The Commission empowers the
Operators of a Crowdfunding Portal, through the Rules, to take appropriate
actions against any person in breach, either the issuer or any investor, by
directing that such person takes the appropriate remedial measures as the
circumstances require. The measures may include but not limited to suspension
or expulsion of such persons after consultation with the Commission. The rules
also provide for an avenue whereby such expelled or suspended persons may
appeal against the decision of the operator to the Commission. This provision
is especially important to ensure that issuers, who misrepresent facts or
information in their offering documents, upon filing with the portal, are
penalized.

Revocation
of Registration

To ensure that no
crowdfunding portal is redundant, the Rules ha
ve
set a six (6) months period of inactivity, which will necessitate a revocation
of the registration of any Crowdfunding Portal.
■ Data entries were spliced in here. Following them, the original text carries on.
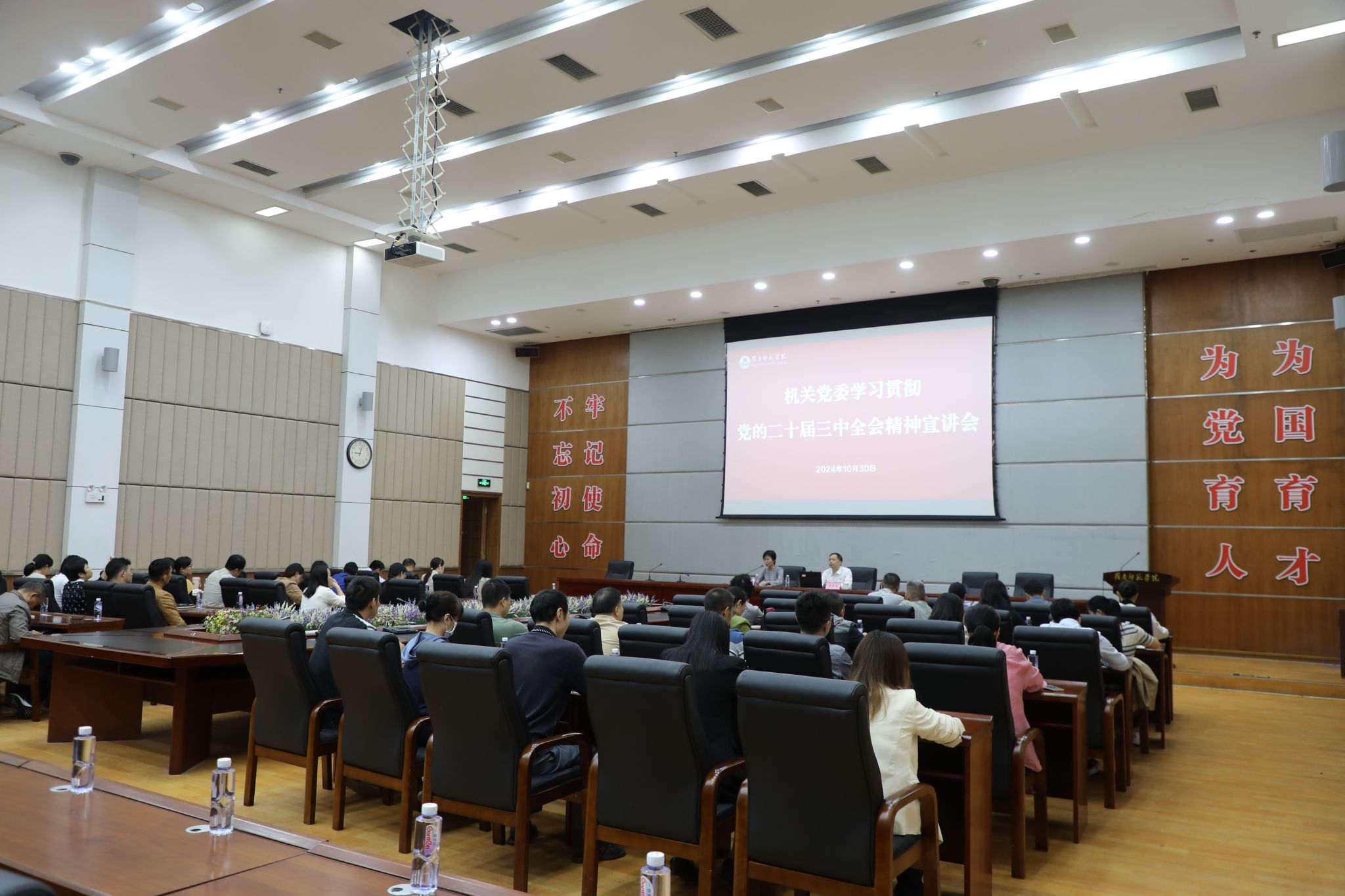 10月30日上午,机关党委在国际会议厅举办学习贯彻党的二十届三中全会精神专题宣讲会,学校党委理论宣讲团成员、马克思主义学院副院长施保国教授作党的二十届三中全会精神专题宣讲。宣讲会由机关党委副书记刘天明主持。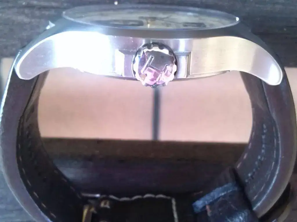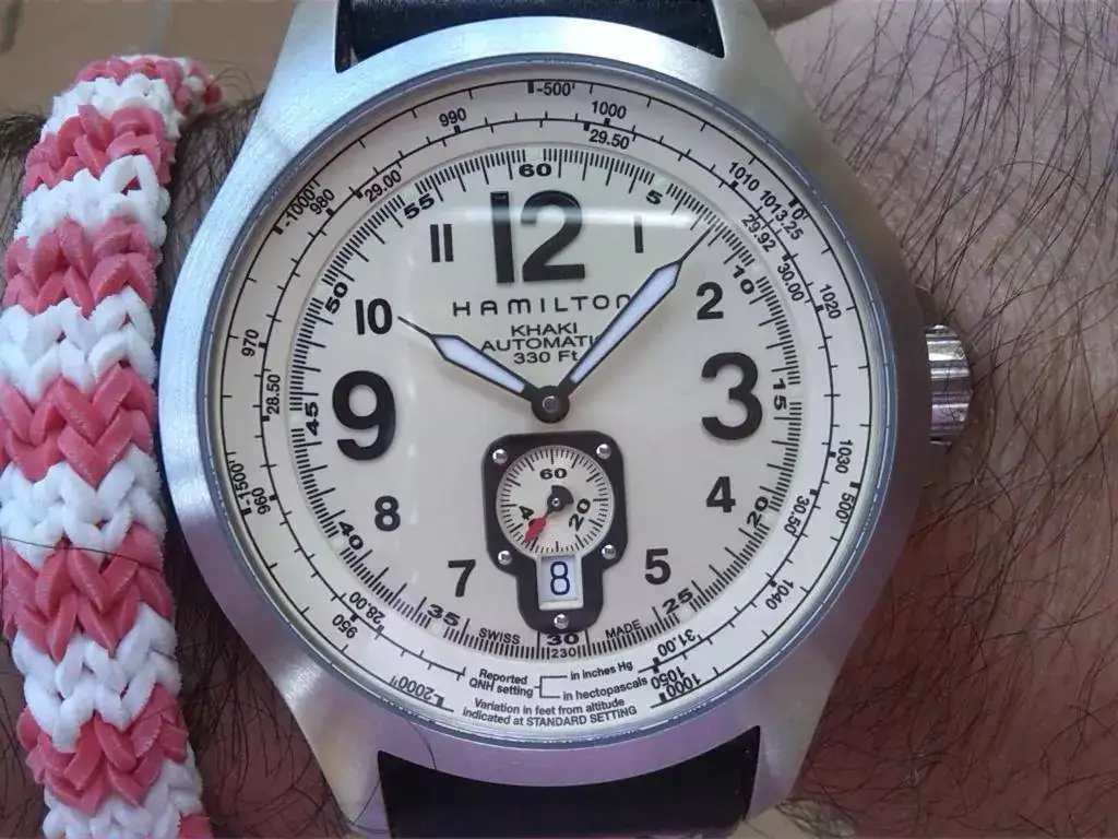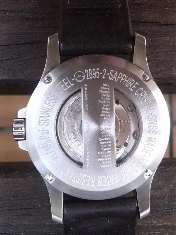 Un resumen de sus características: movimiento automático ETA 2895-2, caja de 44 mm en acero inoxidable, esfera de un beige precioso, cristal de zafiro, fondo abierto con alfabeto de aviación“zulu”. Sumergible a 100m (aunque éste no ha olido el agua)… Y la correa… ¡Qué correa, señores! De piel marrón oscuro sencillamente es-pec-ta-cu-lar. ¡Rezuma calidad por los cuatro costados! Ancho entre asas de 22mm.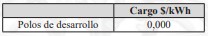 En virtud de lo indicado en el artículo 116° de la ley y en el artículo 151° del Reglamento, el cargo único correspondiente a los sistemas de transmisión para polos de desarrollo, de la proporción no utilizada por centrales generadoras, se determinará en base a la diferencia entre el 50% de la proporción del valor anual de los tramos correspondientes, asignada a dichos consumidores, y la proporción de los ingresos tarifarios reales disponibles del semestre anterior, dividida por la suma de la energía proyectada total a facturar a los suministros finales del sistema interconectado para el mismo semestre de vigencia de dicho cargo.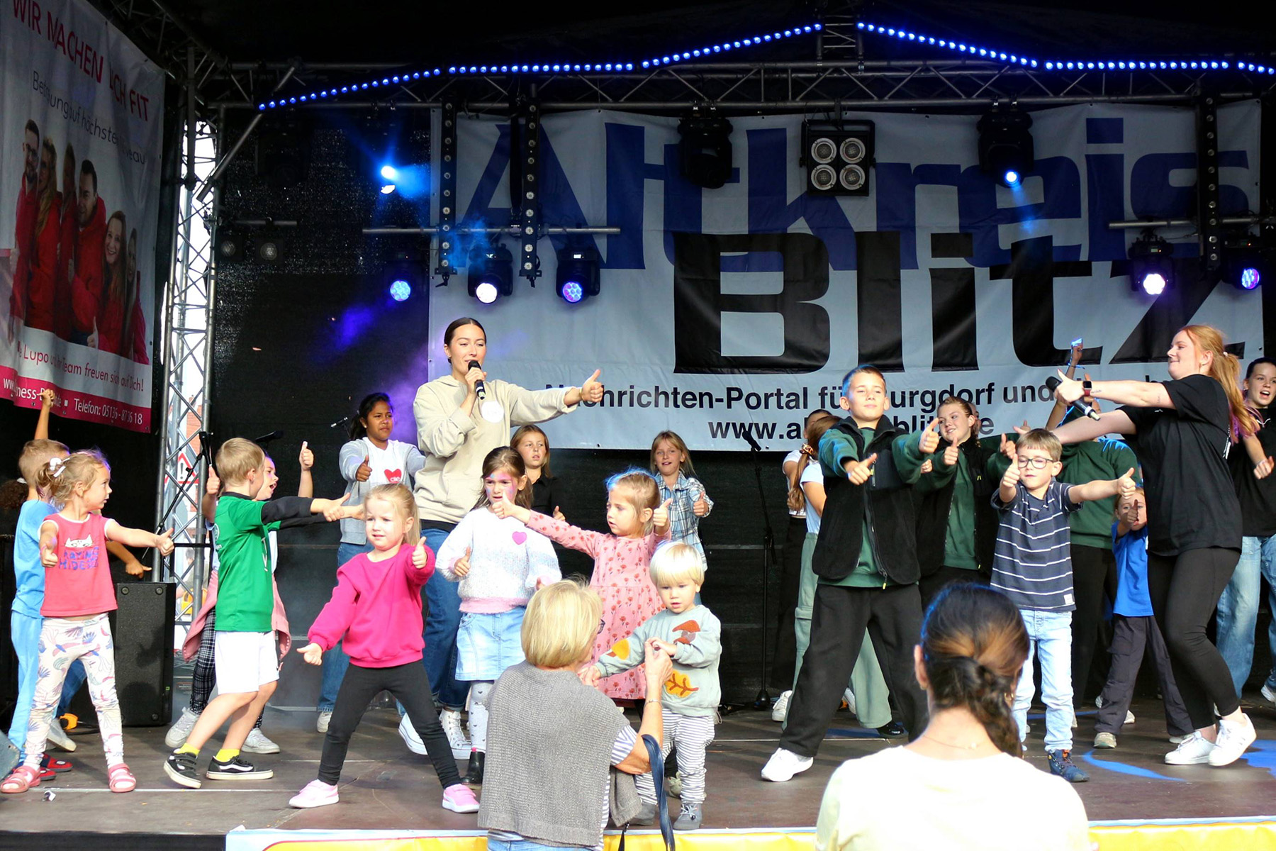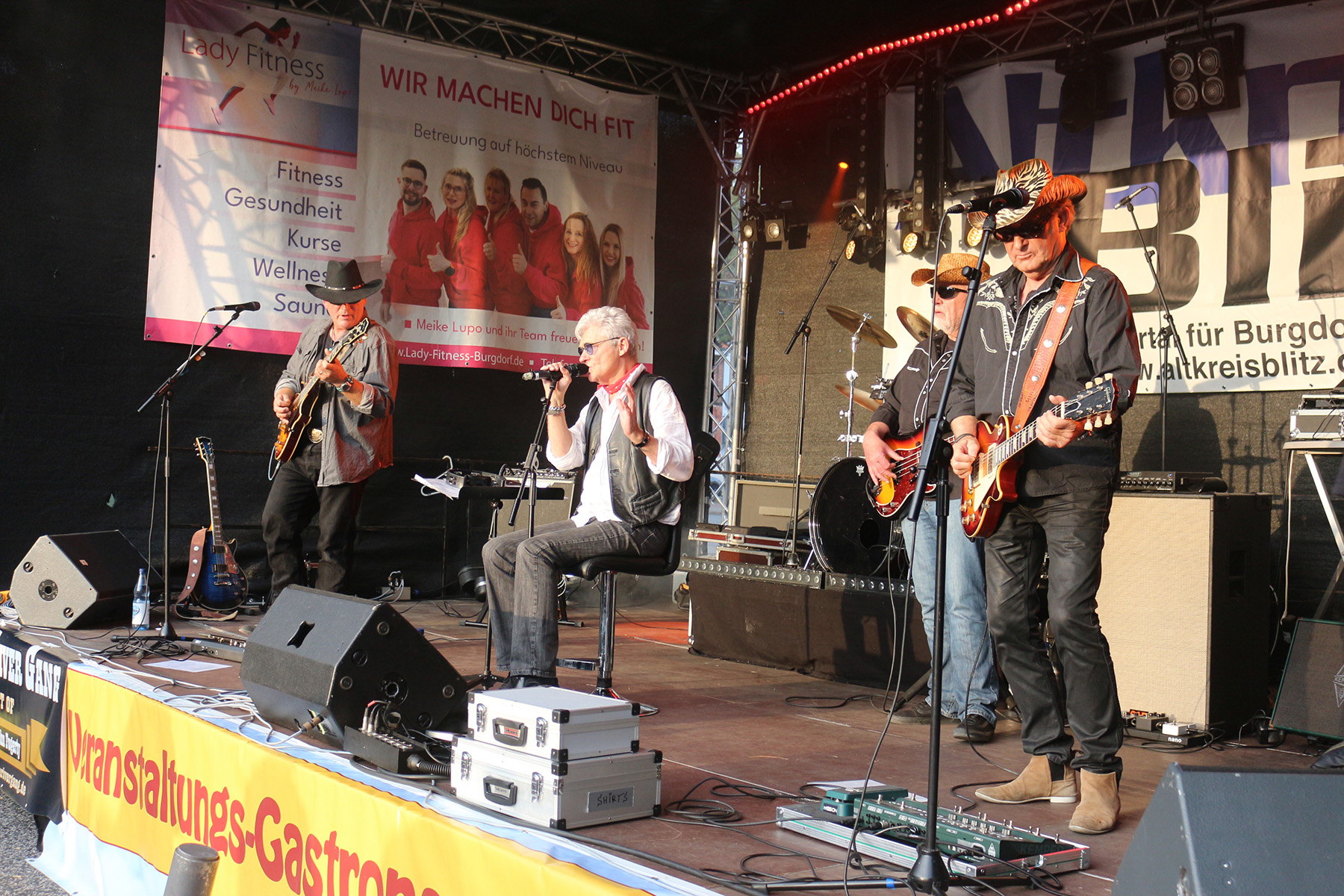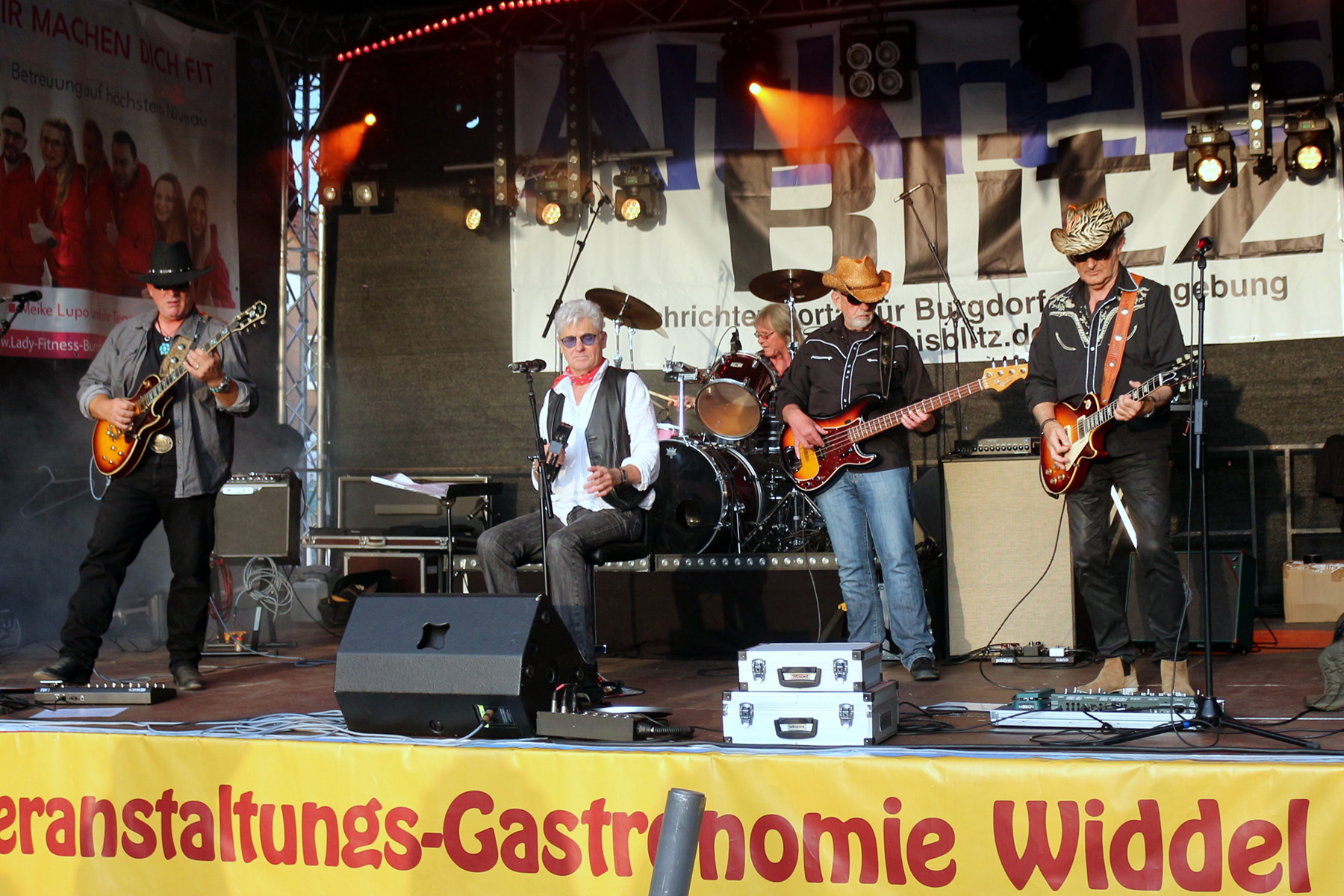 Auf der Widdel/AltkreisBlitz-Bühne an der Post tobten sich die kleinen Gäste unter der Regie des Burgdorfer Tanzstudios "B5" aus, die sich dann auch noch für den frühabendlichen traditionellen Sparkasse-Laternenumzug durch den Stadtpark vorbereiten konnten. Anschließend sorgte die "Green River Gang", die Creedance Clearwater Revival (CCR) Band aus Hannover, für Bewegung vor der Postbühne. Das US-amerikanische Original CCR um Gitarrist und Sänger John Fogerty gründete sich 1967 in El Cerrito im kalifornischen Contra Costa County. Dass sich Sänger Frank Seidat von der kehligen Stimme von John Fogerty hat inspirieren lassen, war bei seiner Performance der CCR-Hits mit den vier weiteren Gang-Mitgliedern an den Instrumenten, "Green River", "Hey Tonight", und "Proud Mary", "Bad Moon Rising" oder "Have You Ever Seen The Rain", nicht zu überhören.

Also, the Commission can revoke
the Registration of any Crowdfunding portal on the occasion of non-payment of
prescribed fees, failure to meet any requirements prescribed by the Rules or
where the intermediary contravenes any of the provisions of the Act, the rules
and regulations and the code of conduct for capital market operators.

Operation
of a Trust Account

The Rules specifies that every
crowdfunding portal shall appoint a custodian, who shall establish and maintain
a separate trust account for each funding round on the portal, with a financial
institution registered by the Commission as a Custodian. This presupposes the
existence of a trust deed on the portal, which would essentially simplify how
the funds invested will be disbursed to the issuer and the rights of the trust
beneficiaries (being the investors) to the trust property (being the monies
invested).

Participation
of the Issuer on the Crowdfunding Portal

All issuers seeking to raise funds
on the portal are expected to file a standardized offering document with the
Crowdfunding portal and it will essentially include details relating to the
issuer, such as the use of the proceeds, the issuers business plan, the project
or business to be funded, the minimum amount required, the target amount and
such other salient information about the investment opportunity the issuer is
offering on the portal.

Every issuer shall have its funding
offer live on crowdfunding portal for not more than sixty (60) days which means
at the end of the sixty (60) days, if the issuer does not raise the minimum
amount it requires, it will be required to withdraw the offer and wait until
after ninety (90) days from the date of such withdrawal to list a new offer.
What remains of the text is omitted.